• _PROMPT_
Could you set down the listing below exactly, leaving out its pictures?

• _DATA SECTION_
+++

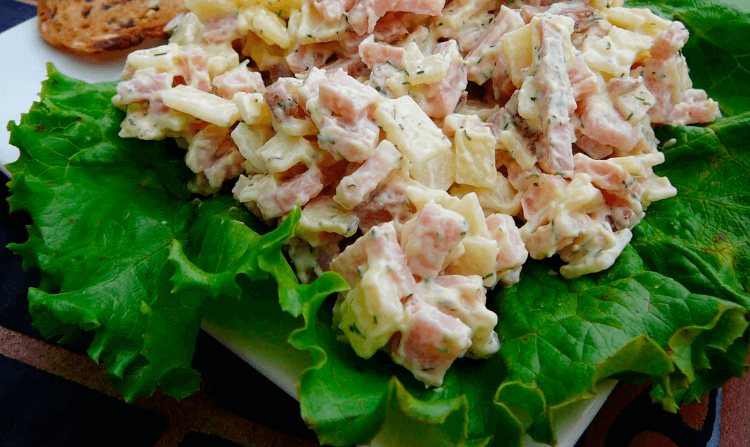 Салат из сыра и ветчины Идеально подходит для тех, у кого в холодильнике всегда остаётся небольшой кусок сыра, какой-нибудь травы и кусок ветчины. Не всегда же хочется закидываться бутербродами, иногда и что-нибудь более изящное подавай. Ингредиенты:
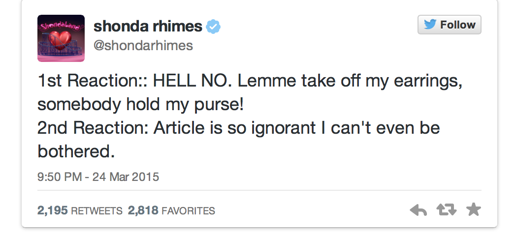And sure, people are upset with the fact that a white lady is screaming “reverse racism” because like 5 shows have minority leads. Yeah, people are bugged that she’s intimating that black actors aren’t as talented as white actors. And folks are annoyed that Andreeva is OK with the fact that there has always been a larger percentage of white people on TV than there are in the actual population, but it freaks her out when it’s the other way around.
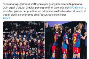 “感謝你們為巴薩女足的榮譽室再添獎杯。更重要的是,感謝你們憑借天賦、日復一日的努力,以及對隊徽的承諾,踢出了如此精彩的足球。你們是最棒的!”
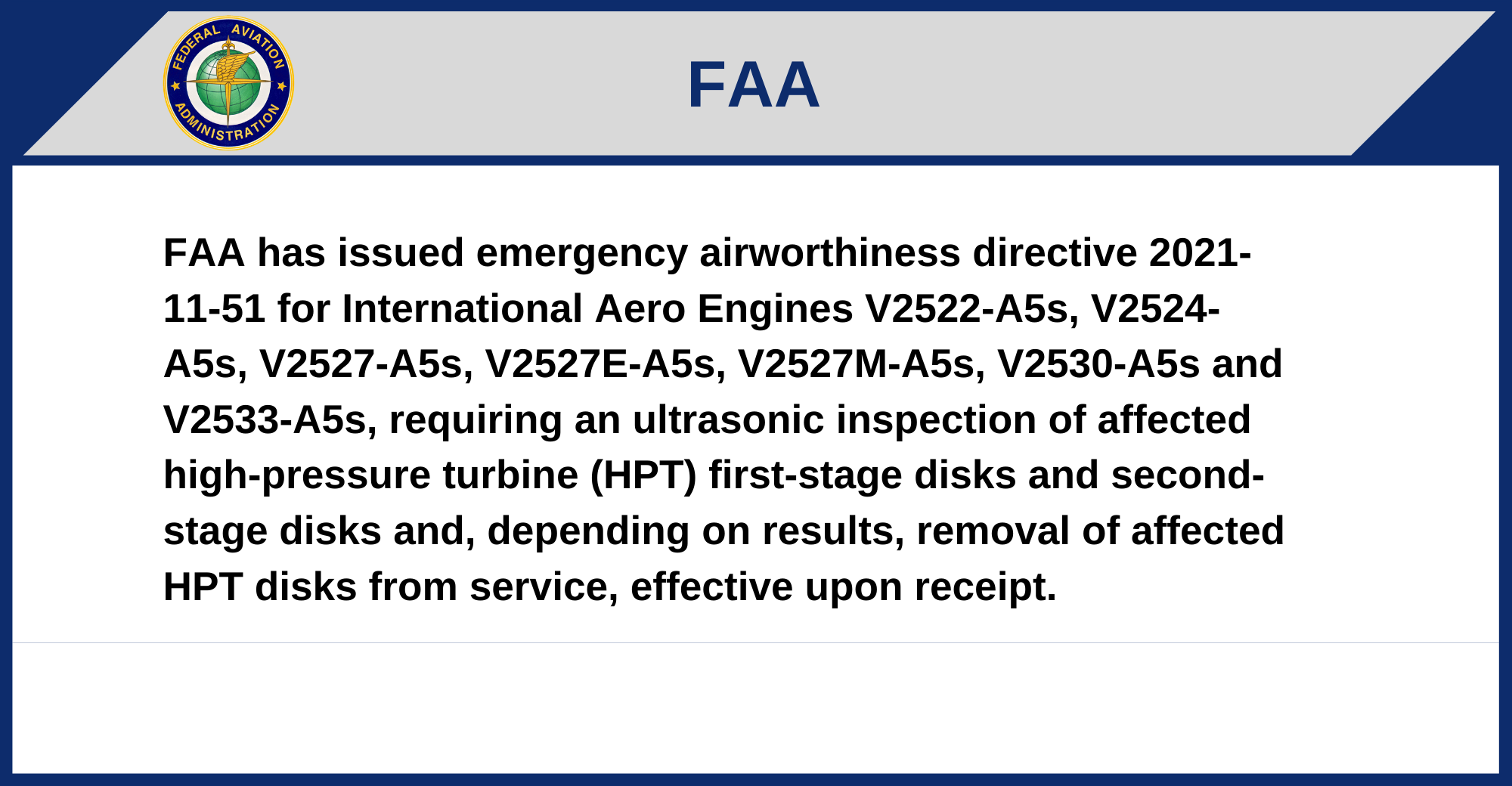 FAA has issued emergency airworthiness directive 2021-11-51 for International Aero Engines V2522-A5s, V2524-A5s, V2527-A5s, V2527E-A5s, V2527M-A5s, V2530-A5s and V2533-A5s, requiring an ultrasonic inspection of affected high-pressure turbine (HPT) first-stage disks and second-stage disks and, depending on results, removal of affected HPT disks from service, effective upon receipt.

+++

• _RESPONSE AREA_
 Салат из сыра и ветчины Идеально подходит для тех, у кого в холодильнике всегда остаётся небольшой кусок сыра, какой-нибудь травы и кусок ветчины. Не всегда же хочется закидываться бутербродами, иногда и что-нибудь более изящное подавай. Ингредиенты:
And sure, people are upset with the fact that a white lady is screaming “reverse racism” because like 5 shows have minority leads. Yeah, people are bugged that she’s intimating that black actors aren’t as talented as white actors. And folks are annoyed that Andreeva is OK with the fact that there has always been a larger percentage of white people on TV than there are in the actual population, but it freaks her out when it’s the other way around.
 “感謝你們為巴薩女足的榮譽室再添獎杯。更重要的是,感謝你們憑借天賦、日復一日的努力,以及對隊徽的承諾,踢出了如此精彩的足球。你們是最棒的!”
 FAA has issued emergency airworthiness directive 2021-11-51 for International Aero Engines V2522-A5s, V2524-A5s, V2527-A5s, V2527E-A5s, V2527M-A5s, V2530-A5s and V2533-A5s, requiring an ultrasonic inspection of affected high-pressure turbine (HPT) first-stage disks and second-stage disks and, depending on results, removal of affected HPT disks from service, effective upon receipt.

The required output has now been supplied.